Mitte August hieß es aus Kreisen des Bundeskriminalamts und der Bundespolizei, staatliche Stellen Polens und der Ukraine hätten die Zerstörung der unterseeischen Gasröhren nicht nur geplant, sondern auch ausgeführt – und zwar mit Wissen und Billigung der beiden Staatspräsidenten Andrzej Duda und Wladimir Selenskij (RT DE berichtete). Vor knapp einem Monat interviewte Springers Welt zu dem Thema August Hanning, den ehemaligen Chef des BND. Nun legen Welt und Hanning nach – und sprechen von der “Mittäterschaft” Polens. Polens Präsident Duda spricht prompt von einer prorussischen Kampagne.
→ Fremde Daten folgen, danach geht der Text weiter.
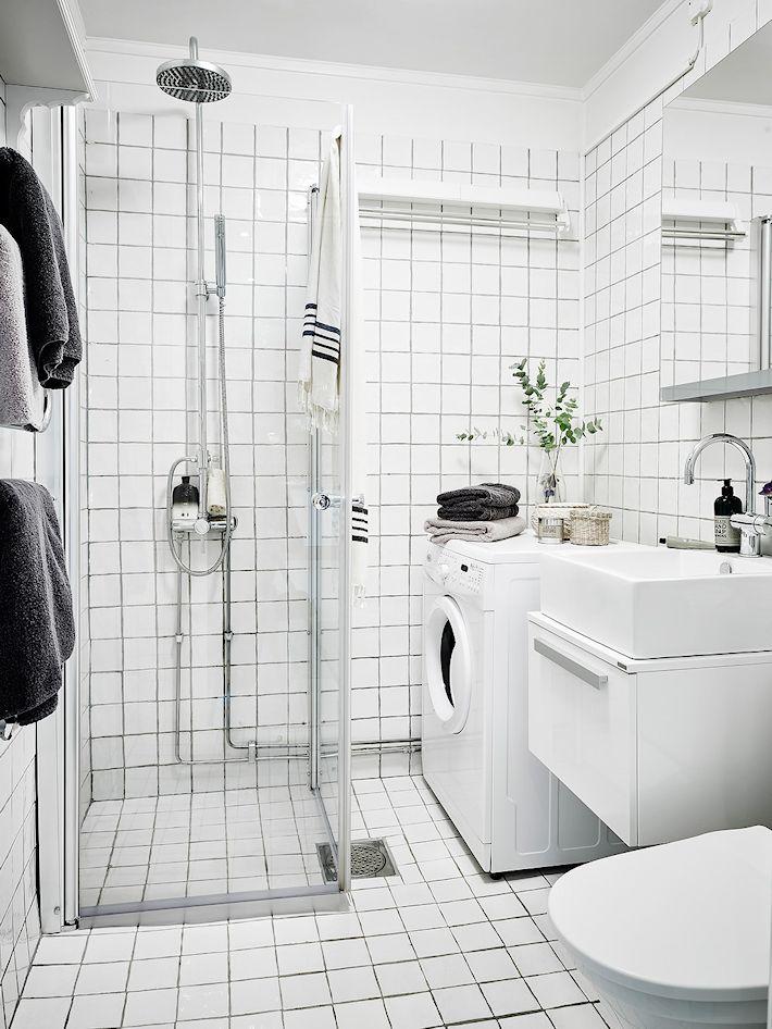 Es muy común en baños de estilo nórdico que las paredes y el suelo compartan un mismo azulejo normalmente en color blanco… y en éste así ha sido.. Destacamos el baño por su chapado blanco en paredes y suelo y las tuberías que han dejado a la vista dando un aire envejecido que nada tiene que ver con el resto de la casa.

Nachdem Schweden und Dänemark inzwischen ihre Ermittlungen offiziell ergebnislos eingestellt haben, ist Deutschland der einzig verbliebene Anrainerstaat, der formal noch ermittelt. Die Welt gibt sich zunächst ratlos, wer für die Sprengung von drei der vier Gasleitungsstränge verantwortlich sein könnte, referiert jetzt aber, wie im Monat zuvor, weitgehend unkritisch die “Ergebnisse” der deutschen Ermittler. Als ob es die detaillierten Enthüllungen eines Seymour Hersh nie gegeben hätte
Demzufolge sei der Hauptbeschuldigte ein ukrainischer Tauchlehrer, dessen Name in der deutschen Presse oft mit “Wolodymyr S.” abgekürzt wird. Diese Kurzform, die wohl nicht zufällig an den Namen des früheren ukrainischen Präsidenten (dessen Amtszeit seit Ende Mai 2024 abgelaufen ist) erinnern soll, steht eigentlich für Wladimir Schurawljow – und müsste im Deutschen eigentlich mit “Sch” statt mit “S” wiedergegeben werden. Ex-BND-Chef Hanning: Die Präsidenten Polens und der Ukraine haben Sprengung von Nord Stream geplant
“Sabotage”
Wie auch immer, der flüchtige Tauchlehrer habe sich, so deutsche Stellen, von Polen aus in die Ukraine abgesetzt. Im Juni habe der Bundesgerichtshof einen europäischen Haftbefehl samt Durchsuchungsbeschluss ausgestellt. Bundespolizei, Bundeskriminalamt und Bundesanwaltschaft seien verärgert, weil Polen den Haftbefehl nicht vollstreckt habe. Der Welt am Sonntag (WamS) soll ein mit den Ermittlungen vertrauter Beamter erklärt haben, dass sie polnische Seite die Aufklärung der Straftat sabotiere. Der Vorwurf der “Strafverfolgungsvereitelung” stehe im Raum.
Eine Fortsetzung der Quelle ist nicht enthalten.